I was able to take advantage of the full complexity of AIS communication to identify a pattern specific to the false simulated AIS positions. From there, I wrote an automated computer query of our global AIS database to identify other vessels with this same pattern of AIS broadcast.

The results were alarming. Nearly a hundred U.S. and European naval vessels had track segments with the same AIS pattern as the false tracks of the Swedish navy ships near Karlskrona. Over the past few months I dug into this data using all available sources to confirm vessel locations and identities. I confirmed false AIS positions for 15 navy vessels from seven countries, with many more vessels suspected of having fabricated positions.

[…]

Naval vessels are frequently photographed, and it’s possible to get a sequence of port visits based on photos uploaded to sites like warshipcam.com. This documented series of port visits can then be compared to the AIS track to confirm that an MMSI corresponds to a particular vessel.

[…]

Two sources of open satellite imagery work very well for matching to AIS, Sentinel-1 (S1) synthetic aperture radar (SAR) and Sentinel-2 (S2) optical imagery from the European Space Agency (ESA). S1 SAR is acquired with very high frequency over Europe — any given location is imaged approximately every other day and has the advantage of penetrating clouds

[…]

I matched S1 and S2 imagery to tracks of 15 naval vessels with AIS patterns sharing characteristics identified in the false positions of the Swedish vessels near Karlskrona. These 15 examples, which I was able to confirm with comparison to imagery, represent just a fraction of the nearly 100 naval vessels with suspected false AIS tracks identified by my algorithm between August 27, 2020 and July 15, 2021.

[…]

I describe two examples below.

U.S. survey vessel USNS Bruce C. Heezen transiting into Baltic Sea, September 2020

AIS data shows this vessel transiting through the North Sea and entering the Baltic Sea between September 17 through 23, 2020. However, the positions broadcast on those dates match the false AIS pattern, and I have additional evidence that this AIS track did not show the actual location of the vessel.

[…]

British Aircraft carrier HMS Queen Elizabeth on the Irish coast with accompanying flotilla of British, Dutch, and Belgian warships, September 2020

AIS from September 17, 2020, shows a surprising international naval flotilla accompanying the British aircraft carrier HMS Queen Elizabeth about 20 miles out from the coast of Ireland. In addition to the 283-meter Queen Elizabeth, AIS shows the British HMS Duncan (152 meters) and HMS Albion (176 meters) as well as the Dutch HNLMS Rotterdam (163 meters), the HNLMS Johan de Witt (176 meters) and the Belgian BNS Leopold I (122 meters). This flotilla of massive warships should have made quite a striking picture on Sentinel-2 satellite imagery. However, the image coinciding with the AIS transit dates, seen below, shows none of the six naval vessels. Furthermore, several publicly posted photos and news articles show that these vessels were in port elsewhere at the time.

[…]

It’s unclear how the false positions get combined with real data from terrestrial AIS antennas, though one can hypothesize that they could be produced by an AIS simulator program similar to that used to produce the tracks in the simulated sailing races. While I initially thought the false data might be entering the data feed from a single terrestrial AIS station, it appears that false AIS positions were reported at a number of different terrestrial stations.

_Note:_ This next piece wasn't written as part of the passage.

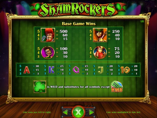 Также в Shamrockers есть два особых символа, которыми являются Wild (лист клевера) и Bonus (билет на концерт). Далее о возможностях этих предметов:
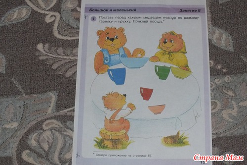 Выполнили задание из пособия Игралочка. Повторили понятия большой, средний, маленький.

Some of these terrestrial stations appear to be picking up AIS positions when vessels are too far away. For example, a suspected false position near Kiel, Germany was picked up by a receiver in Gdynia, Poland more than 300 miles away and outside of normal terrestrial antenna range. However in other cases, false positions were picked up by nearby receivers. Further information linking individual AIS positions to particular receiving antennas could allow us to understand more about where the positions are coming from.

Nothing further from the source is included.